Ten typ dostawcy sesji nie utrwala oświadczeń do pliku cookie sesji użytkownika. Poniższy SM-Noop profil techniczny jest typem dostawcy NoopSSOSessionProvider sesji. SM-Noop Profil techniczny można znaleźć w niestandardowym pakiecie startowym zasad.

<TechnicalProfile Id="SM-Noop">
  <DisplayName>Noop Session Management Provider</DisplayName>
  <Protocol Name="Proprietary" Handler="Web.TPEngine.SSO.NoopSSOSessionProvider, Web.TPEngine, Version=1.0.0.0, Culture=neutral, PublicKeyToken=null" />
</TechnicalProfile>

Aby pominąć zachowanie logowania jednokrotnego profilu technicznego, dodaj odwołanie do SM-Noop profilu technicznego.
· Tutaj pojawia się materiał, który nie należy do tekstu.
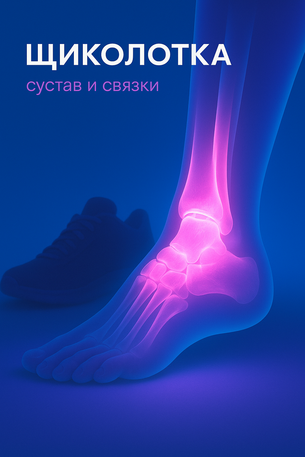A captivating image featuring a glowing ankle joint with a neon pink hue. The background is a solid blue, enhancing the vibrant, translucent effect of the design, conveying a sense of realism.

Na przykład AAD-Common używa profilu technicznego zarządzania sesjami SM-Noop . Aby uzyskać więcej informacji, zobacz niestandardowy pakiet startowy zasad.

<TechnicalProfile Id="AAD-Common">
  ...
  <UseTechnicalProfileForSessionManagement ReferenceId="SM-Noop" />
</TechnicalProfile>

Następne kroki

Dowiedz się, jak skonfigurować zachowanie sesji.